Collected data
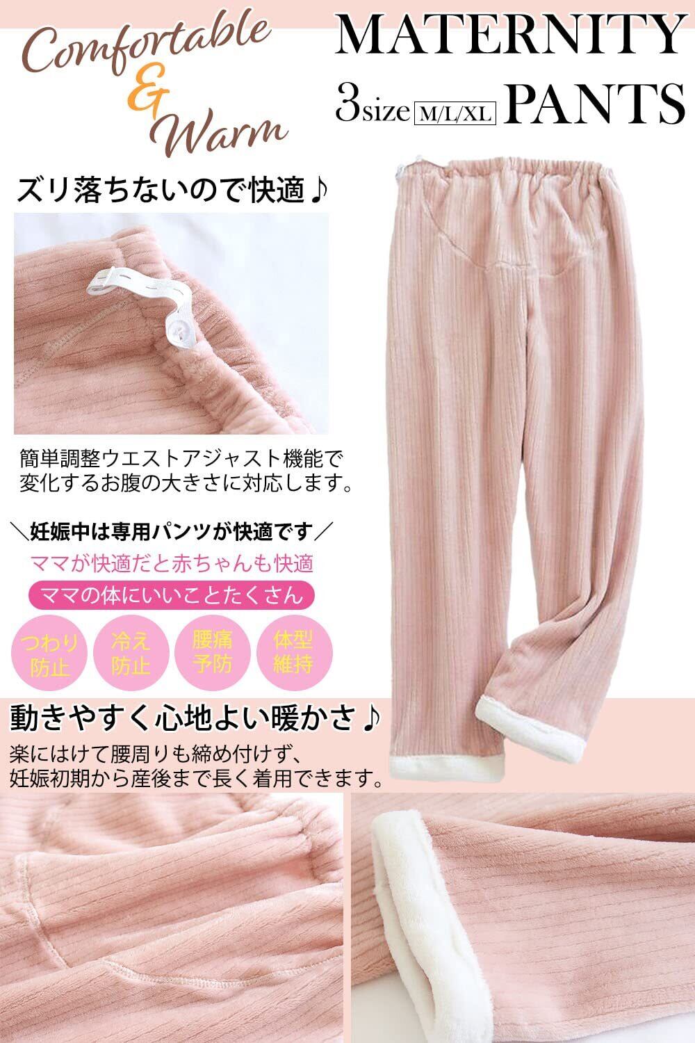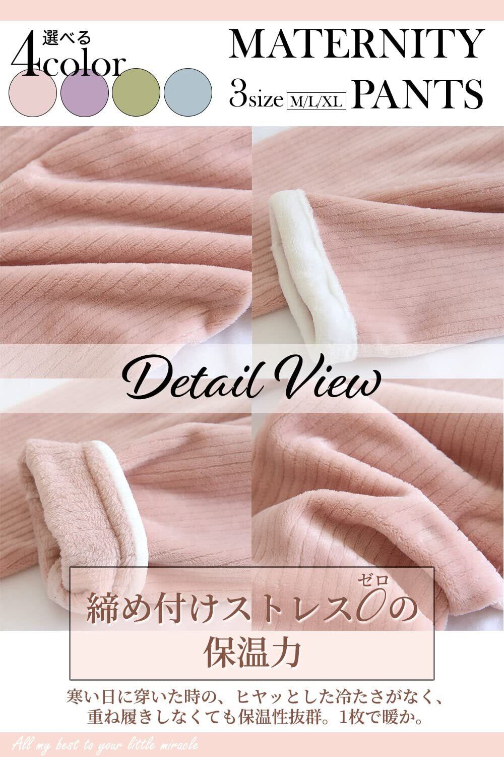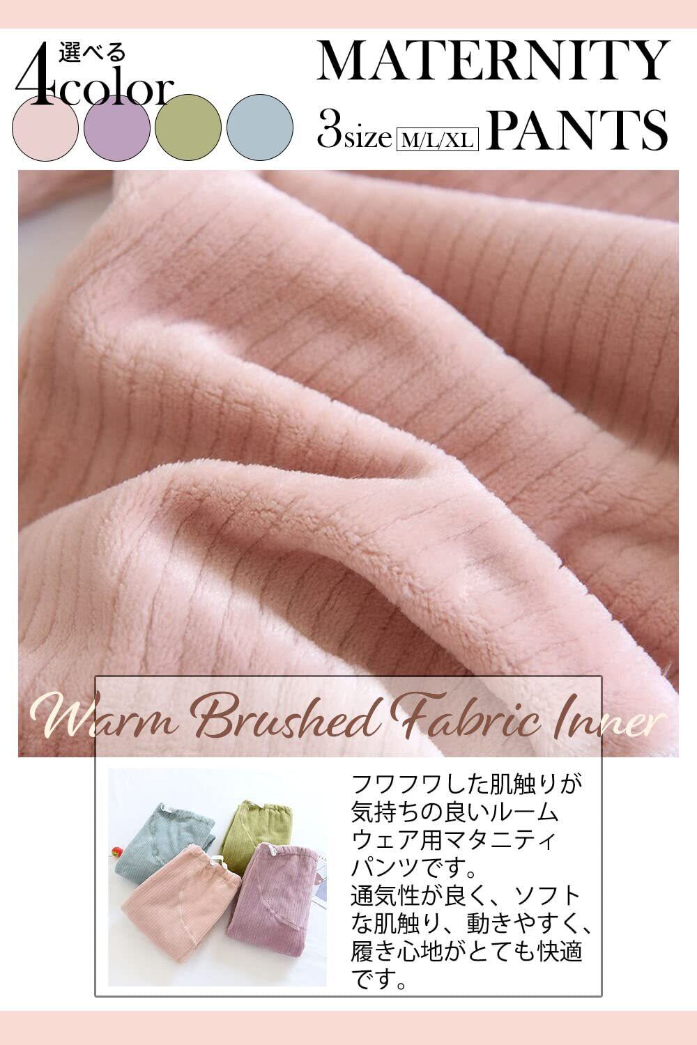 【穿き心地抜群ふんわり手触りのマタニティパンツ】お腹まわりまでやさしく包み込んでくれるフランネル素材のマタニティパンツです。裏地も表面と同じ素材で、下半身全体がやさしく包まれます。
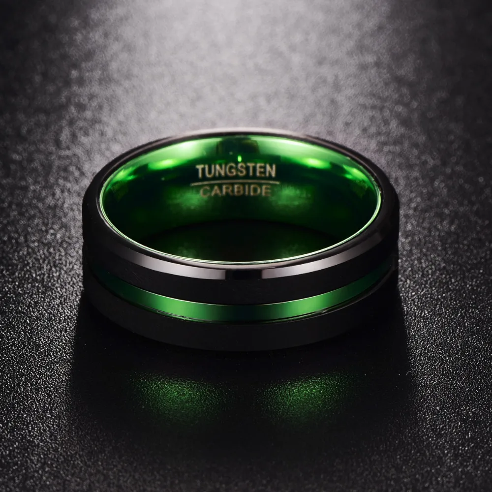 Кольцо из карбида вольфрама с зеленой линией, 8 мм
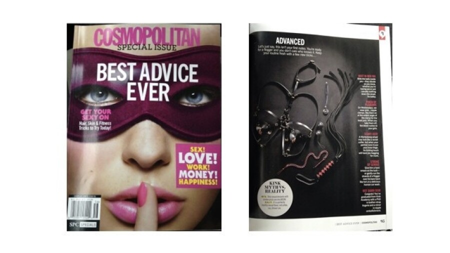 Sportsheets’ Sex & Mischief Red & Black Stripe Flogger appears in a photograph spread of advanced kink play accessories that’s included in Cosmopolitan Special Issue, titled “Best Advice Ever.” Labeled as a “stroke of genius,” Cosmo staff suggest fun new ways to bring flogging into the mix for experienced partners.
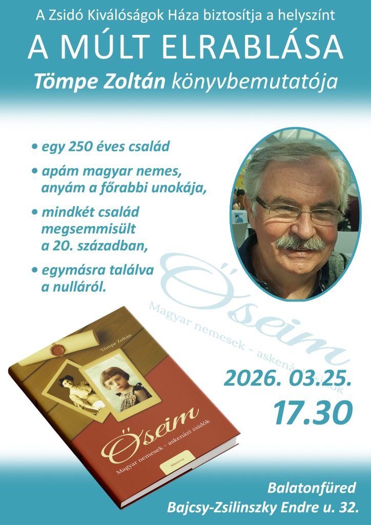 Ritkán adunk helyet könyvbemutatóknak. Azért tettünk kivételt Tömpe Zoltánnal, mert Balatonfüreden élő szerző és a családregénye egy keresztény magyar nemes és egy askenázi zsidó rabbileszármazott nem tipikus történetéről szól.
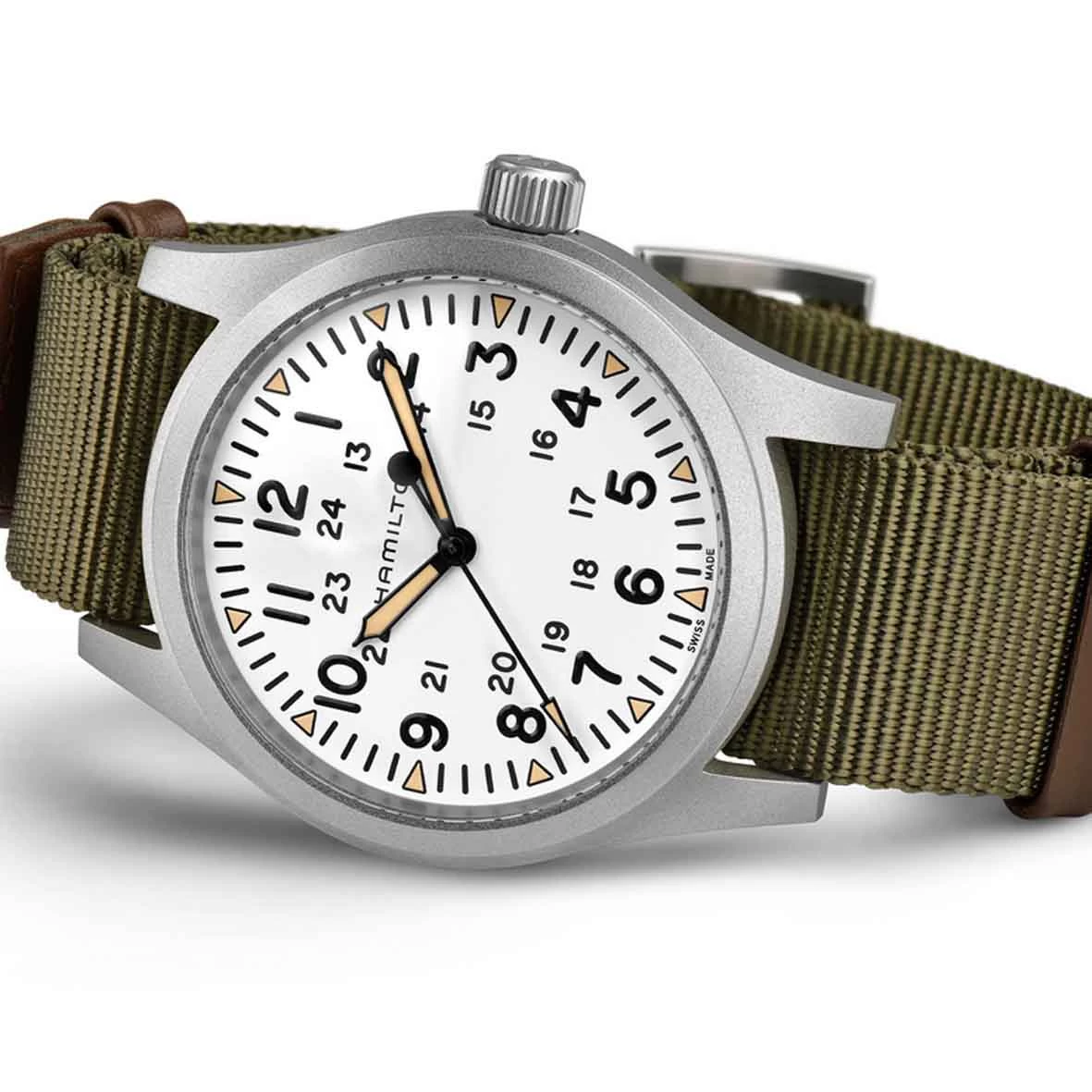 L’un des modèles les plus emblématiques d’Hamilton est désormais disponible dans un grand boîtier. Dotée de notre mouvement H-50 à remontage manuel exclusif, la Khaki Field Mechanical 42 mm reste fidèle à elle-même avec un boîtier en acier inoxydable sablé et un cadran blanc ou noir à la lisibilité accrue. Portée sur un bracelet en acier inoxydable ou avec une NATO en tissu vert, cette nouvelle version vous permettra de conjuguer style et aventure.
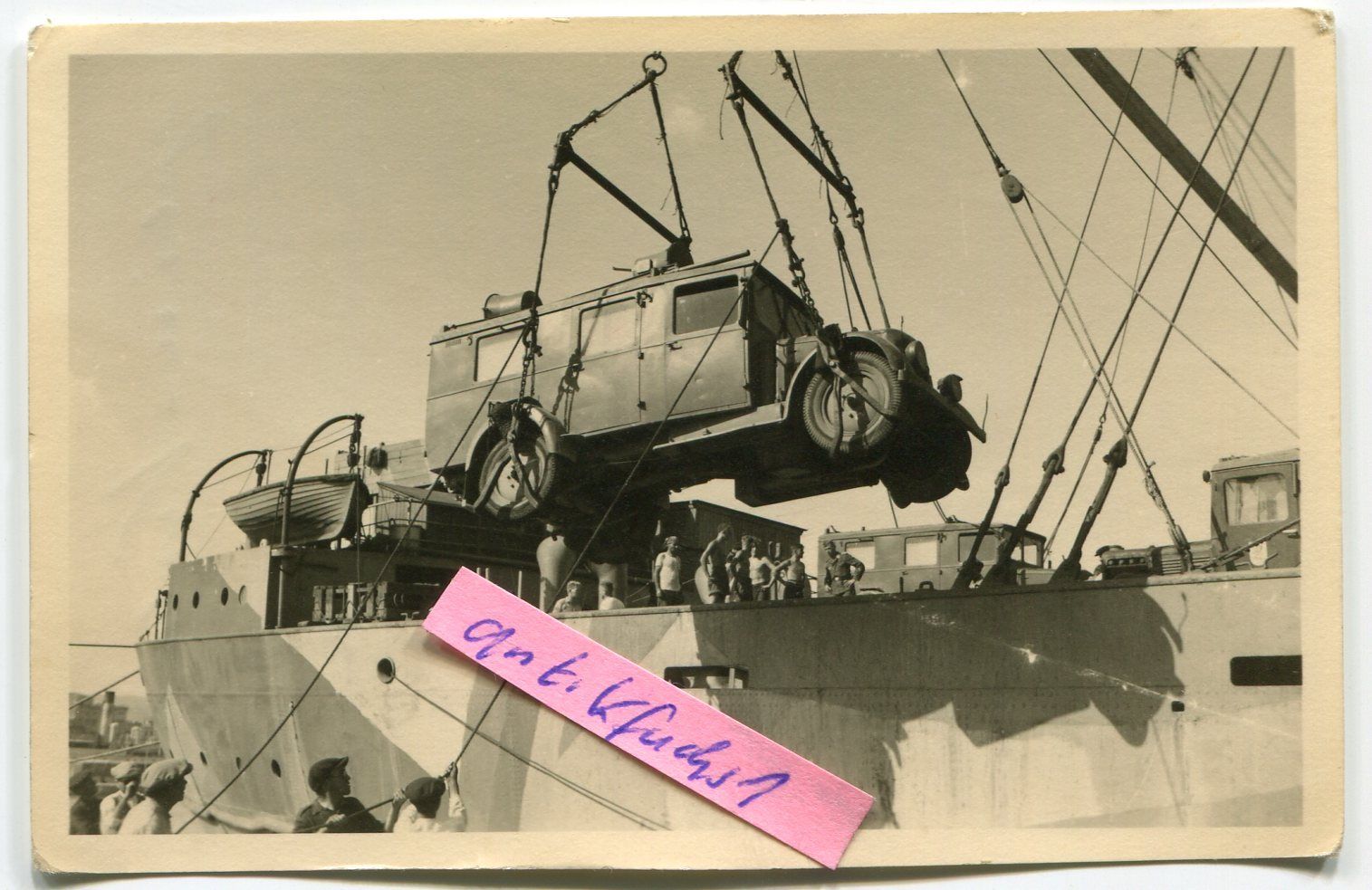 Propaganda-LKW am Schiff-Kran für Afrika beim Af

= YOUR TASK =
With the pictures omitted, print the lines above exactly, beginning at the line with "Sportsheets’ Sex &" and going on through the line with "Ritkán adunk helyet".

= RESULT OF THE TASK =
 Sportsheets’ Sex & Mischief Red & Black Stripe Flogger appears in a photograph spread of advanced kink play accessories that’s included in Cosmopolitan Special Issue, titled “Best Advice Ever.” Labeled as a “stroke of genius,” Cosmo staff suggest fun new ways to bring flogging into the mix for experienced partners.
 Ritkán adunk helyet könyvbemutatóknak. Azért tettünk kivételt Tömpe Zoltánnal, mert Balatonfüreden élő szerző és a családregénye egy keresztény magyar nemes és egy askenázi zsidó rabbileszármazott nem tipikus történetéről szól.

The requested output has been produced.